▶ [Brief]: The required result is an exact copy of every line from the one with "Bonjour, je vous" through the last line below, with the pictures left out.

▶ [Supplied information]:
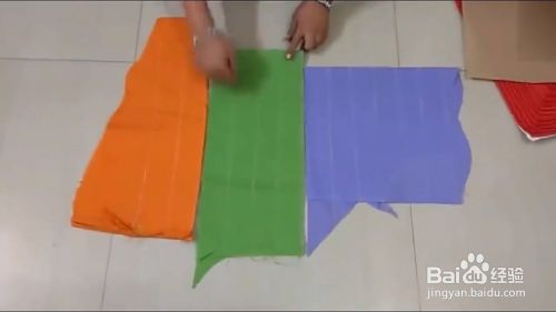 首先找出3块大小不一颜色不同的碎布。当然也可以是4色。5色根据自己家碎布情况而定
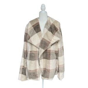 Mystree Faux Fur Jacket in Cream and Tan With Pockets Size Large Neutral
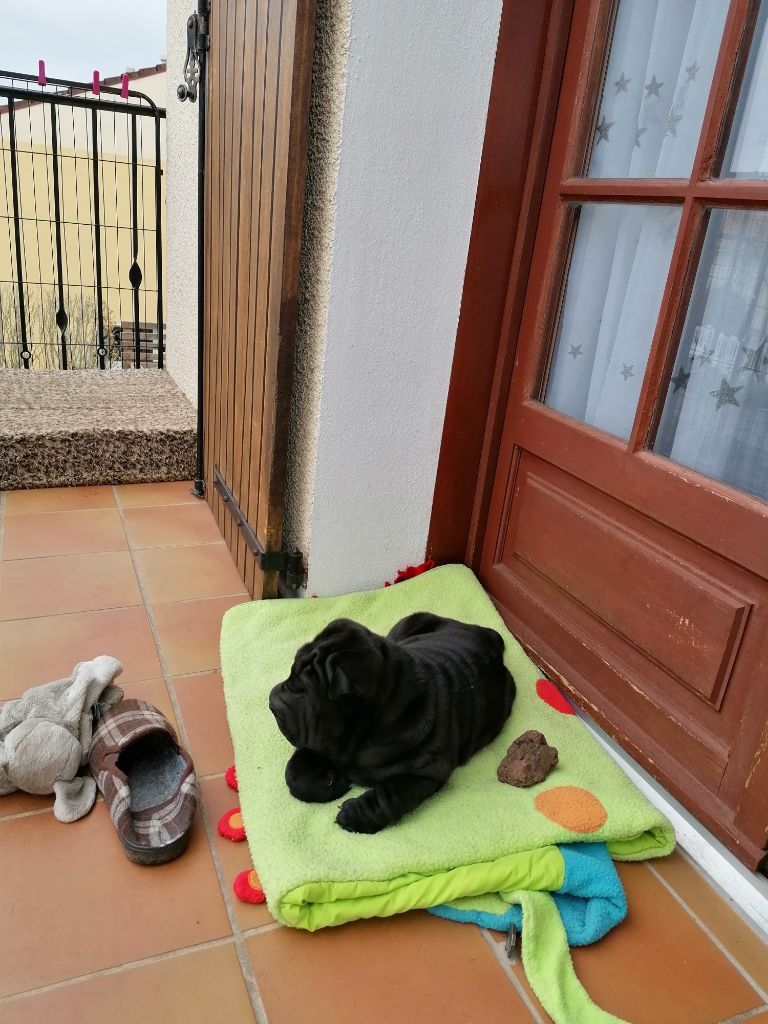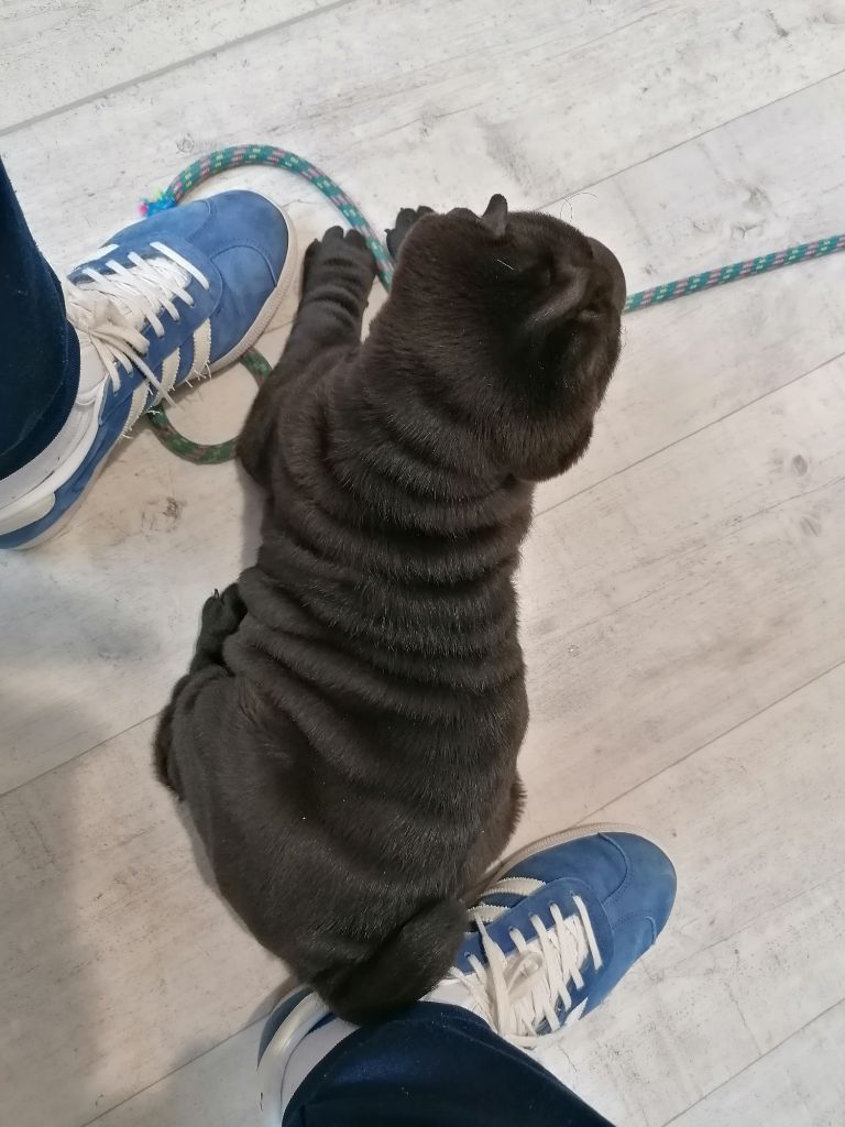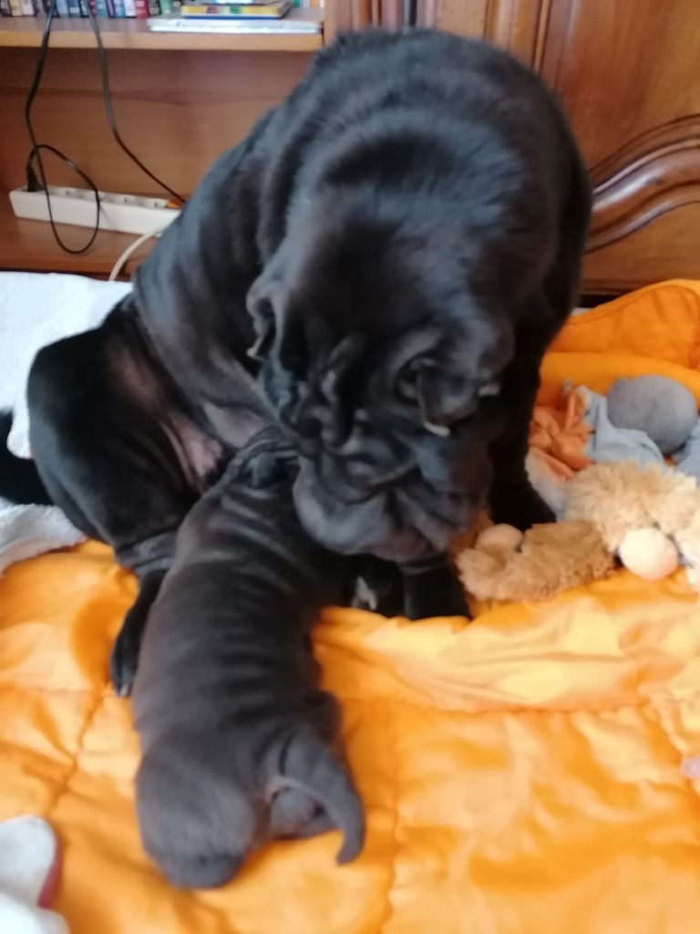 Bonjour, je vous présente le petit mâle de Perle. Il est de couleur noire comme sa maman. Il a juste 64 jours, ce mercredi 28 avril . Il s'appelle Socrate. C'est un beau bébé Shar-peï tranquille et brush brush coat.
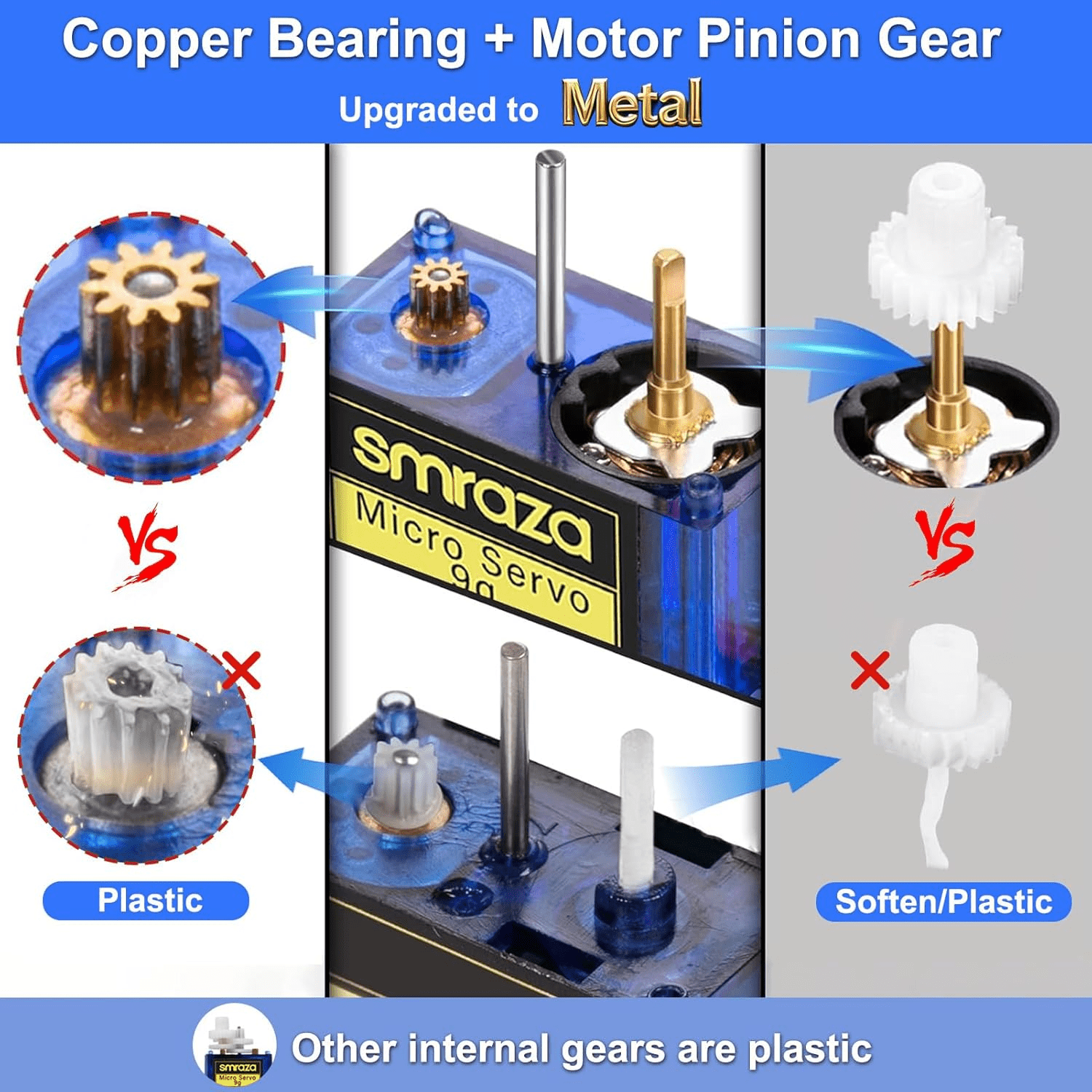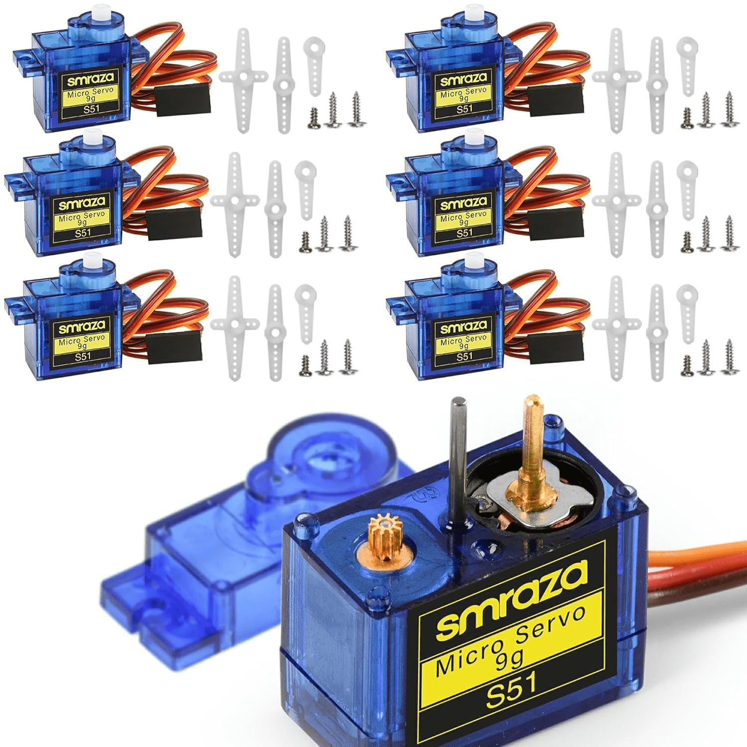 Smraza 6 Pcs SG90 9G Micro Servo Motor Kit (Metal Gear) for Arduino Projects, RC Robot, Robot Arm, Helicopter, Airplane, Car and Boat Control, Mini Servo Applications

▶ [Answer to the exercise]:
 Bonjour, je vous présente le petit mâle de Perle. Il est de couleur noire comme sa maman. Il a juste 64 jours, ce mercredi 28 avril . Il s'appelle Socrate. C'est un beau bébé Shar-peï tranquille et brush brush coat.
 Smraza 6 Pcs SG90 9G Micro Servo Motor Kit (Metal Gear) for Arduino Projects, RC Robot, Robot Arm, Helicopter, Airplane, Car and Boat Control, Mini Servo Applications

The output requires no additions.